Chapter 6.9Vector & Semantic Search

Cost of Vector Search at Scale

HNSW indexes require terabytes of RAM. Embedding models consume GPU hours. At billion-scale, infrastructure costs can dominate a company's entire search budget. This chapter provides concrete cost analysis and optimization strategies that can reduce costs by 10-30x.

1B Vectors (HNSW)

$25K/mo

~3.2 TB RAM needed. 7× r6g.16xlarge instances at AWS on-demand pricing.

With Quantization

$800/mo

PQ (32x compression): 3 TB → 96 GB. 97% cost reduction with two-phase search.

Embedding Cost (1B docs)

$600-$20K

Local (MiniLM on A100): $600. API (OpenAI): ~$20K. Re-embedding on model upgrade repeats.
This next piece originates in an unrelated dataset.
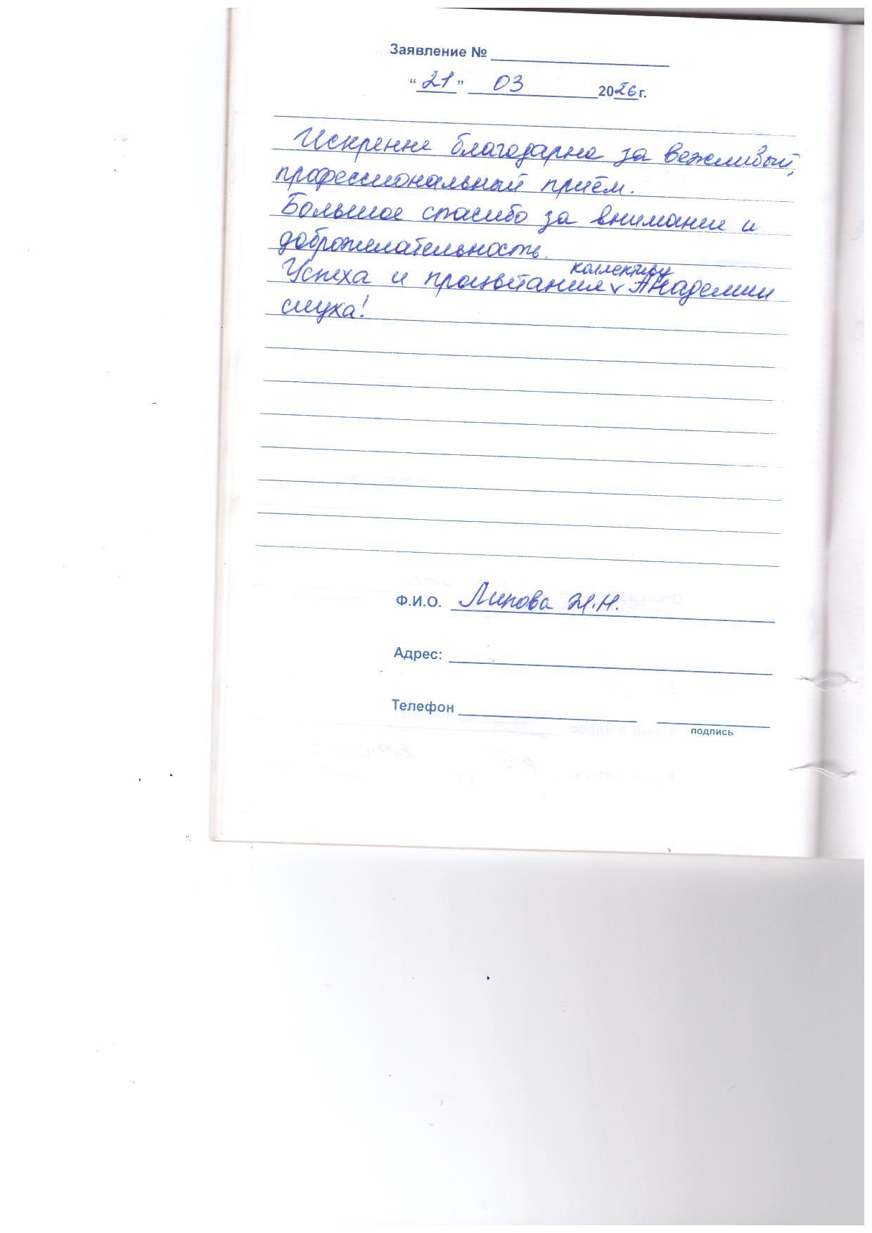 Искренне благодарна за вежливый, профессиональный приём. Большое спасибо за внимание и доброжелательность. Успеха и процветания коллективу Академии слуха!
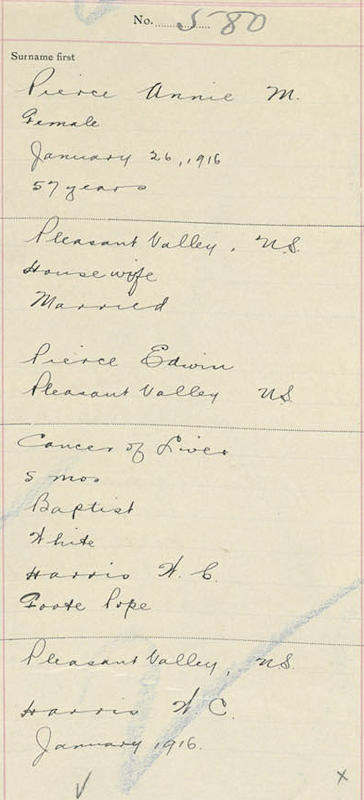 Birth Born on January 31, 1859 in Pleasant Valley, Kings Co., NS Death Died on January 26, 1916 in Pleasant Valley, Kings Co., NS Buried in Pleasant Valley, Kings Co., NS Marriages PIERCE, Edwin Parker Children PIERCE, William Edwin: May 15, 1894 - 1969 Notes Death: Cancer of Liver Sources Berwick Register: Obituary February 9, 1916 Nova Scotia Deaths: Book 40 Pg. 153 #580 Images Anne (Margeson) Pierce Death

1. Embedding Generation Cost

Before you can search vectors, you need to create them. Every document in your corpus must be passed through a neural network to produce its embedding. This is a one-time cost per document (plus re-embedding when documents change), but at scale it becomes substantial. The cost depends on the model size: smaller models are faster and cheaper but produce lower-quality embeddings. Larger models produce better embeddings but cost more to run. API-based models are convenient but charge per token.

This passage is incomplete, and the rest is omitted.